**Problem description:** Below are records; print only the lines from the line containing "Refreshing, oil-controlling, smooth, dandruff-removing" to the end, both included, reproduced exactly and without the pictures.

━━━━━ Input for this task ━━━━━

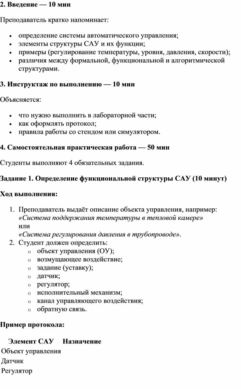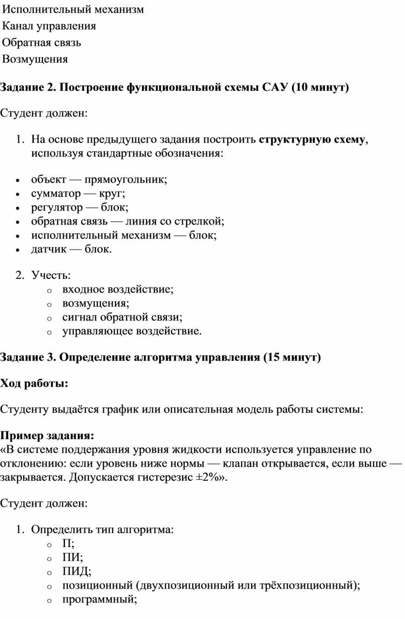 Задание 1. Определение функциональной структуры САУ (10 минут)
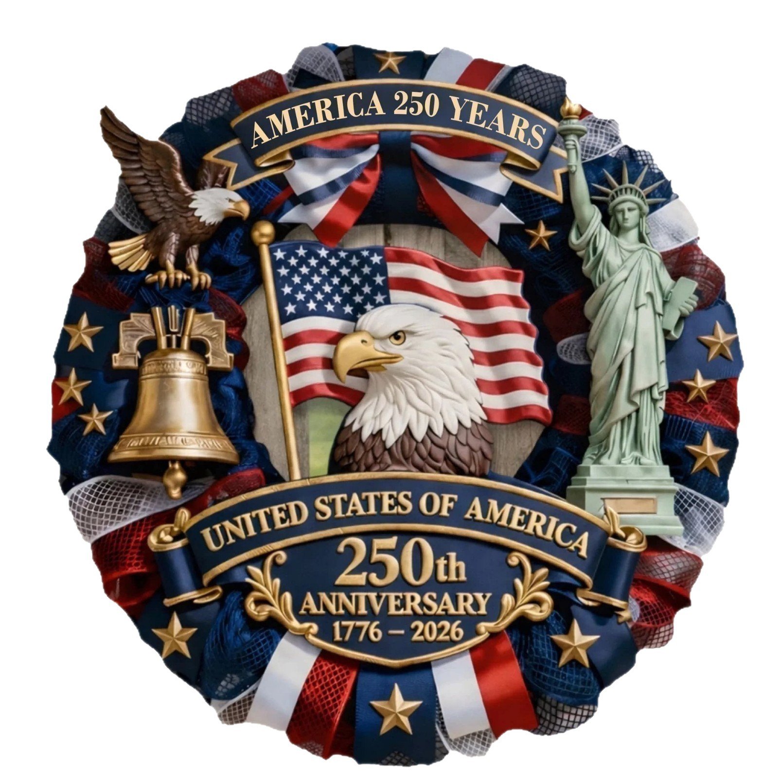 Wooden patriotic wreath for Independence Day. 10 styles × 3 sizes. Perfect for home & door decoration.
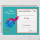 Een stijlvolle modern class award met schattig waterverf vogeltje afbeelding ideaal om een jonge student aan te moedigen. Je kunt je eigen gegevens invullen. Een geweldige bron voor elk type lesgever in de klas.
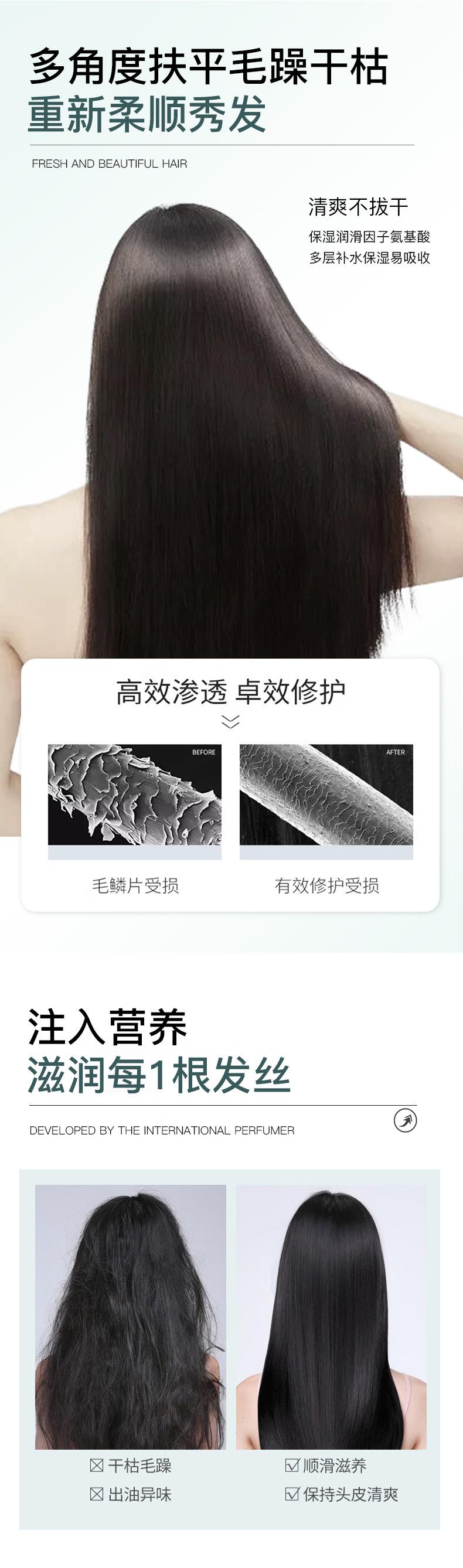 Refreshing, oil-controlling, smooth, dandruff-removing and fluffy
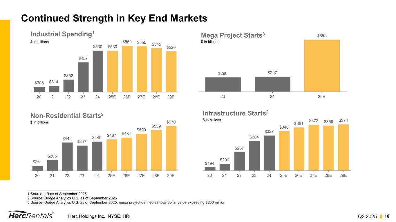Q3 2025Herc Holdings Inc. NYSE: HRI 10 Continued Strength in Key End Markets 1.Source: IIR as of September 2025 2.Source: Dodge Analytics U.S. as of September 2025 3.Source: Dodge Analytics U.S. as of September 2025; mega project defined as total dollar value exceeding $250 million Industrial Spending1 $308 $314 $352 $457 $530 $530 $559 $555 $545 $526 20 21 22 23 24 25E 26E 27E 28E 29E $ in billions Non-Residential Starts2 $261 $305 $442 $417 $449 $467 $481 $509 $539 $570 20 21 22 23 24 25E 26E 27E 28E 29E $ in billions Infrastructure Starts2 $194 $209 $257 $304 $327 $346 $361 $372 $369 $374 20 21 22 23 24 25E 26E 27E 28E 29E $ in billions Mega Project Starts3 $290 $297 $652 23 24 25E $ in billions
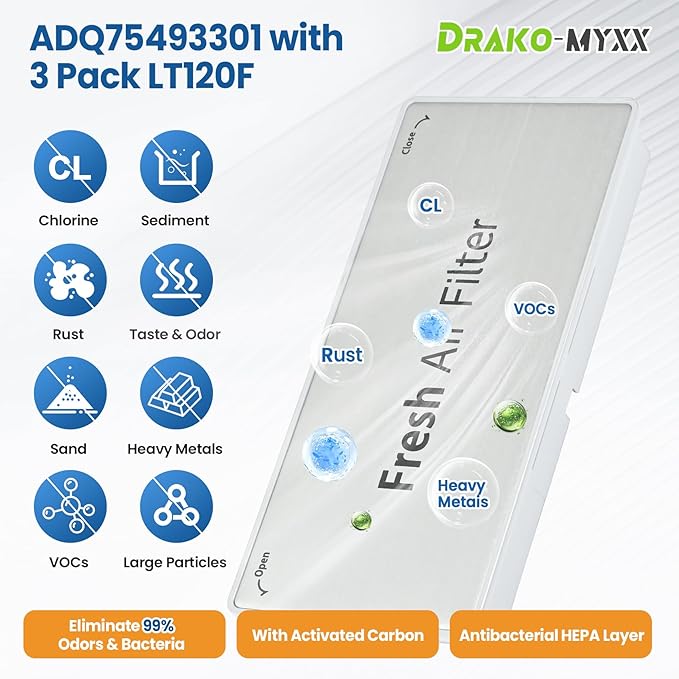 - ADQ75493301 Super Value Cover Decor :You will received one refrigerator cover decor with 3 pack LT120F refrigerator air filter replacement , save you money to buy LT120T refrigerator air filter
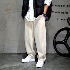 纯色宽松直筒针织卫裤男青年百搭挺阔运动休闲裤潮牌阔腿通勤长裤

━━━━━

**Solution:**
 Refreshing, oil-controlling, smooth, dandruff-removing and fluffy
Q3 2025Herc Holdings Inc. NYSE: HRI 10 Continued Strength in Key End Markets 1.Source: IIR as of September 2025 2.Source: Dodge Analytics U.S. as of September 2025 3.Source: Dodge Analytics U.S. as of September 2025; mega project defined as total dollar value exceeding $250 million Industrial Spending1 $308 $314 $352 $457 $530 $530 $559 $555 $545 $526 20 21 22 23 24 25E 26E 27E 28E 29E $ in billions Non-Residential Starts2 $261 $305 $442 $417 $449 $467 $481 $509 $539 $570 20 21 22 23 24 25E 26E 27E 28E 29E $ in billions Infrastructure Starts2 $194 $209 $257 $304 $327 $346 $361 $372 $369 $374 20 21 22 23 24 25E 26E 27E 28E 29E $ in billions Mega Project Starts3 $290 $297 $652 23 24 25E $ in billions
 - ADQ75493301 Super Value Cover Decor :You will received one refrigerator cover decor with 3 pack LT120F refrigerator air filter replacement , save you money to buy LT120T refrigerator air filter
 纯色宽松直筒针织卫裤男青年百搭挺阔运动休闲裤潮牌阔腿通勤长裤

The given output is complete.